From 0d3c928ff2bb4a761049177fbcf8aa4944b77403 Mon Sep 17 00:00:00 2001
From: biondizzle <biondizzle@gmail.com>
Date: Sun, 17 May 2026 13:32:41 +0000
Subject: [PATCH] Update CURRENT_BUG.md: full status through Bug 14, vLLM
 integration status, architecture docs

---
 CURRENT_BUG.md | 214 ++++++++++++++++++++++++++-----------------------
 1 file changed, 115 insertions(+), 99 deletions(-)

diff --git a/CURRENT_BUG.md b/CURRENT_BUG.md
index 454bbeab..941689a4 100644
--- a/CURRENT_BUG.md
+++ b/CURRENT_BUG.md
@@ -1,18 +1,17 @@
 # Current Bug: CuTeDSLMoERunner — Status & Debug History
 
-## Current Status (May 17, 2026 09:01 UTC)
+## Current Status (May 17, 2026 13:30 UTC)
 
-**Bug 8 fixed. Ready for vLLM container test.**
+**vLLM container runs, cudagraph capture succeeds, but model output is garbage (BOS token repeat).**
 
 - ✅ `layertest.py` — 0.988 cosine
 - ✅ `cudagraph_test.py` — capture + replay works
-- ✅ `test_warmup_gs.py` — warmup gs computation works (test script has a pre-existing NameError in safety margin section, not a runner bug)
-- ❌ vLLM server — not yet tested with these fixes
+- ✅ Container builds, loads weights, warmup gs computed (no L2 gs=0)
+- ✅ Cudagraph capture completes (51 sizes, ~15 min)
+- ✅ Server accepts requests, generates tokens
+- ❌ Model output is `<｜begin▁of▁sentence｜>` token repeated — garbage logits
 
-**Fixed in this round:**
-- Bug 8: Global→local expert ID remapping (was causing CUDA_ERROR_ASSERT)

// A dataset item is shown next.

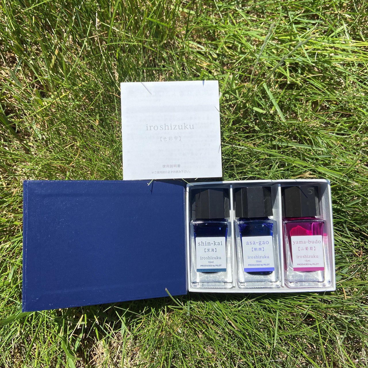 Pilot Iroshizuku продаются в дизайнерских стеклянных флаконах, которые за свою красоту были даже отмечены наградами. На выбор баночки по 15 и 50 мл, и я намеревался приобрести одну большую. Но также хотелось попробовать разные цвета без лишних вложений, поэтому для начала пришлось заказать набор из трёх флакончиков по 15 мл.

-- Removed `.cpu()` sync from `run()` — `_token_indices` now on GPU, cudagraph-safe
-- Added `_needs_token_refill` flag to handle CuTeDSL JIT GPU memory corruption after first GEMM call
+**Current theory:** Scale assembly layout mismatch between the fixed 128-row-per-expert approach and what the GEMM actually expects. The latest fix pads slot_hidden to `num_experts * 128` rows and passes `padded_expert_offsets=[0, 128, 256, ...]` to the GEMM. Build is in progress on B200 to test.
 
 ---
 
@@ -28,12 +27,6 @@
 1. Scatter x_sf rows into 128-aligned positions in a padded buffer (GPU-only, no CPU sync)
 2. Per-expert: copy 128 rows from padded buffer, `pad_and_swizzle_single()` each expert's block independently, then concatenate
 
-**Key insight from `torch_scaled_grouped_mm.py` line ~1115:** The kernel computes padded offsets internally when `consistent_token_padding=False`:
-```python
-padded_size = round_up(offs[expert_idx] - offs[expert_idx-1], pad_granularity)  # 128
-```
-So the kernel knows each expert's scale data is in a 128-row block.
-
 ### Bug 2: `searchsorted(right=False)` — Wrong Expert Assignment
 
 **Symptom:** Scale data in wrong positions after scatter.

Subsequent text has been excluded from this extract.